Tik Tok may be no more.


The House on Wednesday passed a bill that could lead to the entire nation banishing the popular video app, TikTok, but only if its China-based owner doesn’t sell its stake. Lawmakers are acting on concerns that the company’s current ownership structure is a national security threat, according to the Associated Press.

But it’s a whole process. The bill, which was passed by a vote of 352-65, will now go to the Senate, where the prospects remain unclear.

Where is TikTok from? Well, the application has more than 170 million American users, and it is a “wholly-owned subsidiary of the Chinese technology firm, ByteDance Ltd."

United States lawmakers contend that ByteDance demands access to the data of the consumers of TikTok at whatever timetable it wants. However, the concern is derived from a group of Chinese national security laws that “compel organizations to assist with intelligence gathering.”

“We have given TikTok a clear choice,” said Rep. Cathy McMorris Rodgers, R-Wash. “Separate from your parent company ByteDance, which is beholden to the CCP (the Chinese Communist Party), and remain operational in the United States, or side with the CCP and face the consequences. The choice is TikTok’s.”

But the House passage of the bill is just the first step. The Senate would also need to pass the measure for it to be the actual law, and lawmakers in that section said they would review it thoroughly.
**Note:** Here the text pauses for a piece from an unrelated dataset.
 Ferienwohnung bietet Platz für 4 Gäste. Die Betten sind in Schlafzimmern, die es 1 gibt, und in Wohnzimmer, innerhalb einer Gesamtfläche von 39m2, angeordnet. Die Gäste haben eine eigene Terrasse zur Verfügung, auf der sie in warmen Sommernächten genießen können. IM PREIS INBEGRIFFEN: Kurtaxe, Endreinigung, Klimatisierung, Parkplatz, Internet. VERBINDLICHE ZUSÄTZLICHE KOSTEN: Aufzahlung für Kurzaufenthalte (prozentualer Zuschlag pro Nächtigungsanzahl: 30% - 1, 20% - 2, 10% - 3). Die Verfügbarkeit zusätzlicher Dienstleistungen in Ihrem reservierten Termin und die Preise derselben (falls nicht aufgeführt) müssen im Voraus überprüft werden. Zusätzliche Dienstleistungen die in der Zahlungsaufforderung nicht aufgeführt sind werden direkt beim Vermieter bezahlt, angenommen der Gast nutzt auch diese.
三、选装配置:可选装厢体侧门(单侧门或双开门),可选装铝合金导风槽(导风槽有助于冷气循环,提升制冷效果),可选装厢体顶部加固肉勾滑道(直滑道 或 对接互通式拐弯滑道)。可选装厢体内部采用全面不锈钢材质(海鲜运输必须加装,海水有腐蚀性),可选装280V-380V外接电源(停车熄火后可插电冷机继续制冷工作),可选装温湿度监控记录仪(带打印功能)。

Senate Majority Leader Chuck Schumer, D-N.Y., said he would have to consult with committee chairs to determine the bill’s path.
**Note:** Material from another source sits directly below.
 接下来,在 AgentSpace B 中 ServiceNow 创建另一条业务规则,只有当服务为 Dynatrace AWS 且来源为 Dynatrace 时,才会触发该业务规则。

President Joe Biden said if Congress passes the bill, he will indeed sign it.

The House vote is the latest example of heightened tensions between China and the U.S. Targeting TikTok has lawmakers tackling what they deem a grave threat to America’s national security.

Still, TikTok CEO Shou Zi Chew on Wednesday said the company invested to keep user data safe, and the TikTok platform is free of outside manipulation. If the bill is passed, he said it would give even more power to a handful of other social companies.